## Exercise aim
Restate the full listing word for word and leave the pictures out.

## Recorded information

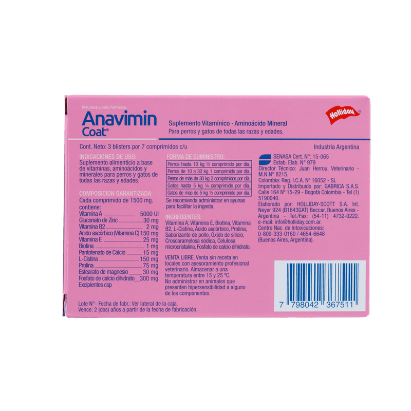 Anavimin Biomodulador Perros y Gatos es un suplemento veterinario formulado para apoyar el sistema inmunológico y mejorar la respuesta del organismo frente a procesos infecciosos, inflamatorios o estados de debilidad. Actúa como modulador de las defensas, ayudando a optimizar la recuperación, aumentar la resistencia y mantener el equilibrio inmunitario en perros y gatos de todas las edades. Es un apoyo estratégico en tratamientos médicos, convalecencias y situaciones de estrés fisiológico, siempre bajo recomendación veterinaria.
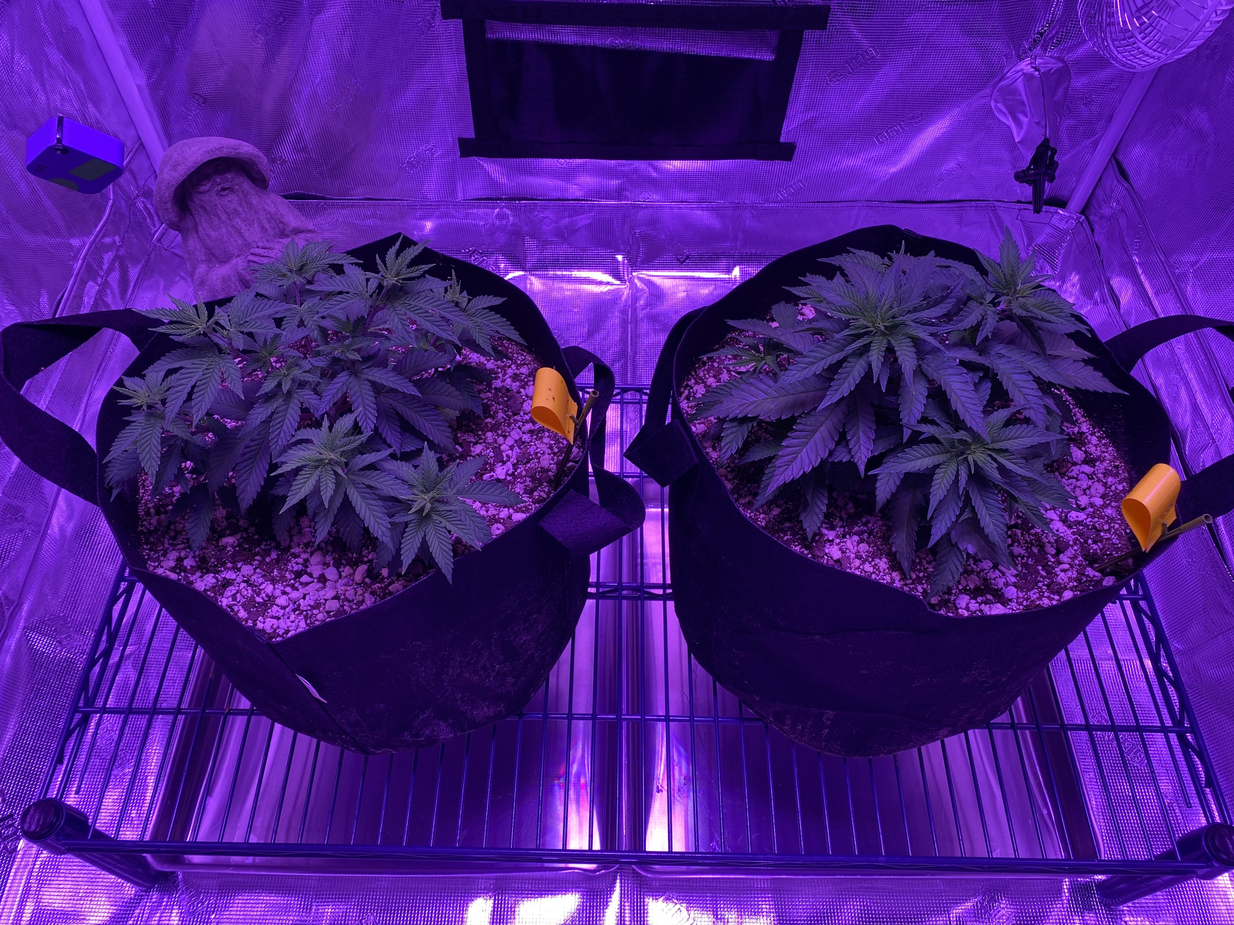 Hi everyone. I have two Girl Scout Cookies photos that are about 5 or 6 weeks old from seed. They are growing in FFOF with perlite using the FF dirty dozen nutes. I don’t know why, but they seem to have very different structures. Lefty is much more spread out with smaller leaves and more growth sites. Righty is more compact and stout with fewer growth sites but much larger and more compact leaves.
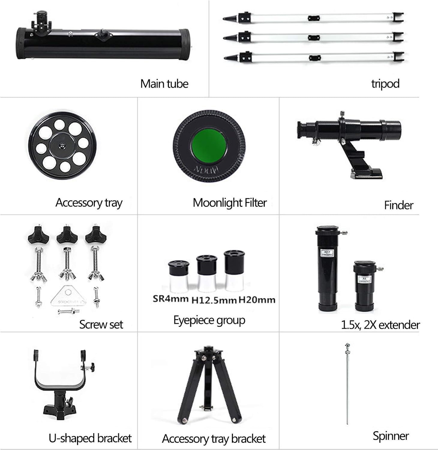 FEATURE: ❤76mm Telescope Is Very Suitable For Scientists And Travelers To Conduct Terrestrial Astronomy Observations Interested In Beginners, Teenagers, Children, Travelers, Students, Or Have More Knowledge About The Night Sky. ❤Easy To Carry Refracting Telescope And Lightweight Adjustable Aluminum Tripod,Packed In A Bag, It Is Very Convenient For Young Stargazers And Families To Watch The Stars Anytime, Anywhere. SPECIFICATION: Optical system: reflective Optical coating: full surface antireflection coating Main barrel diameter: 76mm Focal length: 700mm Eyepiece: H20mm /H12.5mm/SR4mm Extender: 1.5x/2x Finder: 5x24 optical zoom Multiple: 35x/52x/ 105x/56x/ 84x/168x/ 175x/263x/525x Tripod: Aluminum bracket Coke ratio: F9.2 Length of primary mirror: 700mm Light collecting power: 18.4 Resolution: 2.31 arc seconds Field of view: 1.2° Weight: 5.5kg PACKING LIST: 1*Primary mirror 3*Eyepiece 1*Forward mirror 2*Extender 1*Moon filter 1*Aluminum alloy tripod 1*Accessory tray 1*Accessory tray bracket Your Satisfaction Is Our Top Priority, If You Have Any Questions, Please Feel Free To Contact Us, We Will Serve You As Soon As Possible!
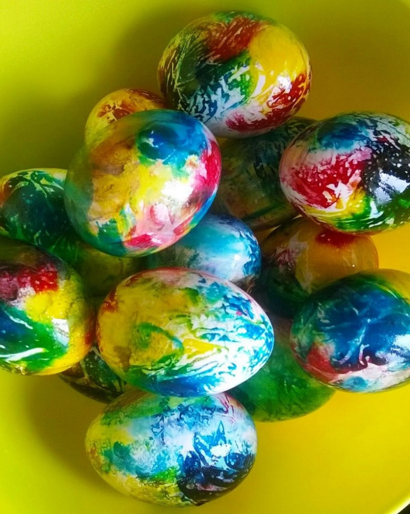 Яйца в данном случае могут быть любые - хоть белые, хоть коричневые, но на белых краска лучше видна, конечно.

## Your solution
 Anavimin Biomodulador Perros y Gatos es un suplemento veterinario formulado para apoyar el sistema inmunológico y mejorar la respuesta del organismo frente a procesos infecciosos, inflamatorios o estados de debilidad. Actúa como modulador de las defensas, ayudando a optimizar la recuperación, aumentar la resistencia y mantener el equilibrio inmunitario en perros y gatos de todas las edades. Es un apoyo estratégico en tratamientos médicos, convalecencias y situaciones de estrés fisiológico, siempre bajo recomendación veterinaria.
 Hi everyone. I have two Girl Scout Cookies photos that are about 5 or 6 weeks old from seed. They are growing in FFOF with perlite using the FF dirty dozen nutes. I don’t know why, but they seem to have very different structures. Lefty is much more spread out with smaller leaves and more growth sites. Righty is more compact and stout with fewer growth sites but much larger and more compact leaves.
 FEATURE: ❤76mm Telescope Is Very Suitable For Scientists And Travelers To Conduct Terrestrial Astronomy Observations Interested In Beginners, Teenagers, Children, Travelers, Students, Or Have More Knowledge About The Night Sky. ❤Easy To Carry Refracting Telescope And Lightweight Adjustable Aluminum Tripod,Packed In A Bag, It Is Very Convenient For Young Stargazers And Families To Watch The Stars Anytime, Anywhere. SPECIFICATION: Optical system: reflective Optical coating: full surface antireflection coating Main barrel diameter: 76mm Focal length: 700mm Eyepiece: H20mm /H12.5mm/SR4mm Extender: 1.5x/2x Finder: 5x24 optical zoom Multiple: 35x/52x/ 105x/56x/ 84x/168x/ 175x/263x/525x Tripod: Aluminum bracket Coke ratio: F9.2 Length of primary mirror: 700mm Light collecting power: 18.4 Resolution: 2.31 arc seconds Field of view: 1.2° Weight: 5.5kg PACKING LIST: 1*Primary mirror 3*Eyepiece 1*Forward mirror 2*Extender 1*Moon filter 1*Aluminum alloy tripod 1*Accessory tray 1*Accessory tray bracket Your Satisfaction Is Our Top Priority, If You Have Any Questions, Please Feel Free To Contact Us, We Will Serve You As Soon As Possible!
 Яйца в данном случае могут быть любые - хоть белые, хоть коричневые, но на белых краска лучше видна, конечно.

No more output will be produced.